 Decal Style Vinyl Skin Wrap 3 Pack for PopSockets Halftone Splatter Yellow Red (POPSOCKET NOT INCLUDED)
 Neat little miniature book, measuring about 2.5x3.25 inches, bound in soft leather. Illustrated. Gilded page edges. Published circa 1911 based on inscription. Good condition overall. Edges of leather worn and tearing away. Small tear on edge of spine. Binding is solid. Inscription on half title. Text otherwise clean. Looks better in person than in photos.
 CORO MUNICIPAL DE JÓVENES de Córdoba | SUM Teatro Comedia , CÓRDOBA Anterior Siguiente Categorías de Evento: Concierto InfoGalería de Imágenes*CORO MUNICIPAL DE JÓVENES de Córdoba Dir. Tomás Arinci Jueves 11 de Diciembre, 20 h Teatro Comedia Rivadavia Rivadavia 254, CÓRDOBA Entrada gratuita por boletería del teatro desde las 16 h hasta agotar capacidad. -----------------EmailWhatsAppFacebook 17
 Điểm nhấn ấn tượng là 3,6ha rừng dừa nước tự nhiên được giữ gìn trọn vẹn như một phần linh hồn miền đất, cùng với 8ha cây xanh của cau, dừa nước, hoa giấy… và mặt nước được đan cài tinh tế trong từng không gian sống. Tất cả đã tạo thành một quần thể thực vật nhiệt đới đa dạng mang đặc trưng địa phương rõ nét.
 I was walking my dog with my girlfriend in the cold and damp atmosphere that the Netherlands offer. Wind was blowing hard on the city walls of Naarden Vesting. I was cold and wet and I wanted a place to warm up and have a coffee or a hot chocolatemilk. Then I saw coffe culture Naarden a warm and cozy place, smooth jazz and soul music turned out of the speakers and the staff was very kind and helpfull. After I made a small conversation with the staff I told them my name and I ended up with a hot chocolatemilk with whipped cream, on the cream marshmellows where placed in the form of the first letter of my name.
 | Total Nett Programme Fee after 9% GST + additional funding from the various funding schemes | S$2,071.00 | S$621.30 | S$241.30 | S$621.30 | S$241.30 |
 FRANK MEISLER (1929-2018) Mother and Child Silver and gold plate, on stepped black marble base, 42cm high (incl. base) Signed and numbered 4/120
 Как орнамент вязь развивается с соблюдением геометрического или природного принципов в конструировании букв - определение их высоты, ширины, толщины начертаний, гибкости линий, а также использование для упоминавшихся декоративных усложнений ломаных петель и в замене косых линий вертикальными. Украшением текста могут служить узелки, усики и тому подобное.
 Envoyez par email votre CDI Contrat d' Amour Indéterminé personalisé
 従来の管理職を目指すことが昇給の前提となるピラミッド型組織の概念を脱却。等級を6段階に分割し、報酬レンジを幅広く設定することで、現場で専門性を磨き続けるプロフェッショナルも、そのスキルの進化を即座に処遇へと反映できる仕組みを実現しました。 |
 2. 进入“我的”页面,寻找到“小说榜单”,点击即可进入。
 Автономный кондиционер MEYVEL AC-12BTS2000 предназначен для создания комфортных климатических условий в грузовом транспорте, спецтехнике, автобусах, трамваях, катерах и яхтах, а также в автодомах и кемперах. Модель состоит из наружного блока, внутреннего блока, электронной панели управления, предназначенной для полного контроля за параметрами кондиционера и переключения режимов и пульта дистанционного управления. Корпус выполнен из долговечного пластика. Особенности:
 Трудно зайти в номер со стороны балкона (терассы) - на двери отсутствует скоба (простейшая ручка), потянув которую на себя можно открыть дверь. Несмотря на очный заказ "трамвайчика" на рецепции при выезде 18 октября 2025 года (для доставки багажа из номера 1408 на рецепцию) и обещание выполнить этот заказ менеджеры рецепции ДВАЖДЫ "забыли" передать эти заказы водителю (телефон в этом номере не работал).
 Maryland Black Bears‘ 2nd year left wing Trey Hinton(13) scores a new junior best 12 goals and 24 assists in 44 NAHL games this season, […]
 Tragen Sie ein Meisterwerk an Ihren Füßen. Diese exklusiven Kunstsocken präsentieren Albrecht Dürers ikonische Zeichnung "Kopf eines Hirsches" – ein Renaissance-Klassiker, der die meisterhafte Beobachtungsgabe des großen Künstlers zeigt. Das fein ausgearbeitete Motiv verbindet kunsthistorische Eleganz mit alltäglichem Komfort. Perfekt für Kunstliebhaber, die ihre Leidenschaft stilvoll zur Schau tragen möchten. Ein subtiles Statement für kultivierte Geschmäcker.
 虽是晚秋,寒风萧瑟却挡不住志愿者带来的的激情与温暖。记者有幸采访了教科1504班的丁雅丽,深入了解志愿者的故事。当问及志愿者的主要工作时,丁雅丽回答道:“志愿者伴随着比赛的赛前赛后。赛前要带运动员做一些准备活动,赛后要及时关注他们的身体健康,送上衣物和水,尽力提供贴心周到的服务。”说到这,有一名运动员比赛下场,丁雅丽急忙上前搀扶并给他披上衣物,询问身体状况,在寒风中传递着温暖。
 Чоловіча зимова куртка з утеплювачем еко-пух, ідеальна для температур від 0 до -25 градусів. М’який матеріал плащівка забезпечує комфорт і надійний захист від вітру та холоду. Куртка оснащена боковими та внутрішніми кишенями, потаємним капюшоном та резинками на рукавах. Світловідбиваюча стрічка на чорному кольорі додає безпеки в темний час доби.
□ □ □ □ □
WORK INSTRUCTION —
The response must consist solely of the lines from the first line of the entries through the line containing "FRANK MEISLER (1929-2018)", repeated exactly.

TASK RESPONSE —
 Decal Style Vinyl Skin Wrap 3 Pack for PopSockets Halftone Splatter Yellow Red (POPSOCKET NOT INCLUDED)
 Neat little miniature book, measuring about 2.5x3.25 inches, bound in soft leather. Illustrated. Gilded page edges. Published circa 1911 based on inscription. Good condition overall. Edges of leather worn and tearing away. Small tear on edge of spine. Binding is solid. Inscription on half title. Text otherwise clean. Looks better in person than in photos.
 CORO MUNICIPAL DE JÓVENES de Córdoba | SUM Teatro Comedia , CÓRDOBA Anterior Siguiente Categorías de Evento: Concierto InfoGalería de Imágenes*CORO MUNICIPAL DE JÓVENES de Córdoba Dir. Tomás Arinci Jueves 11 de Diciembre, 20 h Teatro Comedia Rivadavia Rivadavia 254, CÓRDOBA Entrada gratuita por boletería del teatro desde las 16 h hasta agotar capacidad. -----------------EmailWhatsAppFacebook 17
 Điểm nhấn ấn tượng là 3,6ha rừng dừa nước tự nhiên được giữ gìn trọn vẹn như một phần linh hồn miền đất, cùng với 8ha cây xanh của cau, dừa nước, hoa giấy… và mặt nước được đan cài tinh tế trong từng không gian sống. Tất cả đã tạo thành một quần thể thực vật nhiệt đới đa dạng mang đặc trưng địa phương rõ nét.
 I was walking my dog with my girlfriend in the cold and damp atmosphere that the Netherlands offer. Wind was blowing hard on the city walls of Naarden Vesting. I was cold and wet and I wanted a place to warm up and have a coffee or a hot chocolatemilk. Then I saw coffe culture Naarden a warm and cozy place, smooth jazz and soul music turned out of the speakers and the staff was very kind and helpfull. After I made a small conversation with the staff I told them my name and I ended up with a hot chocolatemilk with whipped cream, on the cream marshmellows where placed in the form of the first letter of my name.
 | Total Nett Programme Fee after 9% GST + additional funding from the various funding schemes | S$2,071.00 | S$621.30 | S$241.30 | S$621.30 | S$241.30 |
 FRANK MEISLER (1929-2018) Mother and Child Silver and gold plate, on stepped black marble base, 42cm high (incl. base) Signed and numbered 4/120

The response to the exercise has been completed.